1.1 Authentication Design Considerations
No new authentication mechanism is needed for SNMP. Instead,
integration with the existing approaches is appropriate. Hence, an
approach that makes use of general authentication mechanisms that can
in turn call more specific functions will provide the most
flexibility to meeting end user requirements.
1.2 Transport Design Decisions
SNMP has traditionally been transported over UDP. There are good
reasons for this approach. Because SNMP is a network management
protocol, if a network failure occurs it may prove difficult to
impossible to establish a TCP connection. In addition, the cost of
connection state on both the network element and the network
management station has been viewed as concern. For those uses where
these concern remains SNMP over UDP remains a viable alternative.

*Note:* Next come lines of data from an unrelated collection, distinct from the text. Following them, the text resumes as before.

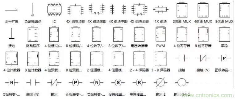 以寄存器、轉換器、計數器為代表的基礎集成電路元器件,在電路圖中較為常見。
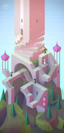 第五章尖塔的通关核心在于理解场景中乌鸦人的固定移动规律,并熟练操作各类旋转机关来改变道路的连接方式,从而为公主艾达开辟安全的通行路径。这一关的挑战主要来自于需要躲避或巧妙利用场景中沿固定路线巡逻的乌鸦人,它们会阻挡艾达前进,但不会导致游戏失败,玩家需要通过调整建筑结构来规划路线或暂时困住乌鸦人。整个关卡由多个相连的塔楼场景构成,每个场景的解谜逻辑都围绕着操作墙壁上的旋转把手或带圆钮的墙壁来拼合道路。
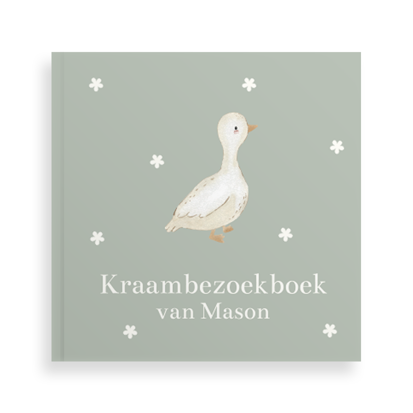 Een mooi kraambezoekboek om de kraamvisite in te laten schrijven. Het kraambezoekboek is passend gemaakt bij geboortekaartje ovaal groen met gansje.
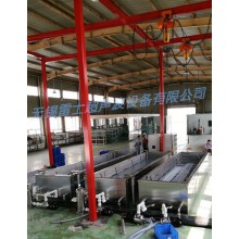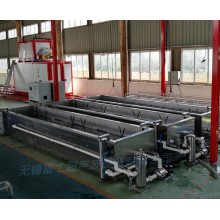 3.噴淋漂洗使用時,將管材平鋪于斜面擺架上,針對貴司管材直徑細,斜架上端布置高密度噴頭,以保證沒跟管材內部都能噴到水。斜面傾角20度。利于瀝水。選用高壓噴淋泵,大功率長時間噴淋作業。可以抽取槽內水沖洗,也可以接外水沖洗。整機設有排水口,也可借助高壓泵排水。整體管材選用均為2寸不銹鋼管材。
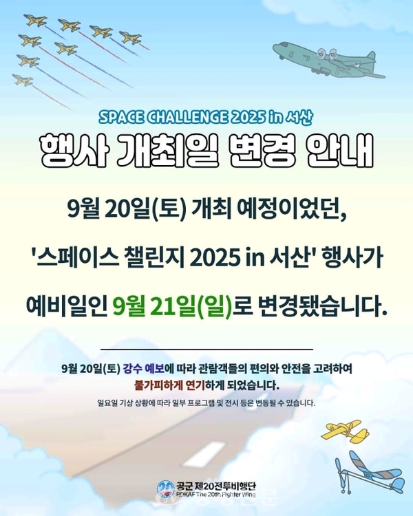 20전비 관계자는 “안전하고 원활한 행사 진행을 위해 일정을 하루 연기했다”며 “부대를 찾는 관람객들은 행사 당일까지 공식 홈페이지(www.spacechallenge.kr)를 통해 에어쇼 일정 등 최신 정보를 다시 확인해달라"고 당부했다.

However, since the time SNMP was first designed the network
architecture has shifted substantially. Two critical components,
firewalls and NATs have become prevalent. Both NATs and firewalls
make UDP communication anywhere from spotty to impossible, depending
on as much implementation as policy, where it would be clearly more
desirable for the limitation to be solely based on policy.
Because connection state is available for all to inspect, NATs and
firewalls have an easy time of determining who initiated a
communication and on what port. Hence, a policy decision is easier
than it would be in UDP where state must be maintained within the
application. Use of transport layer security allows connection state
state to remain out in the open, even when the application protocol
is encrypted.
Finally, many firealls and NATs will allow communiations only in a
single direction - outbound from the device being protected or being
"NATted", and so a "call-home" function is desirable.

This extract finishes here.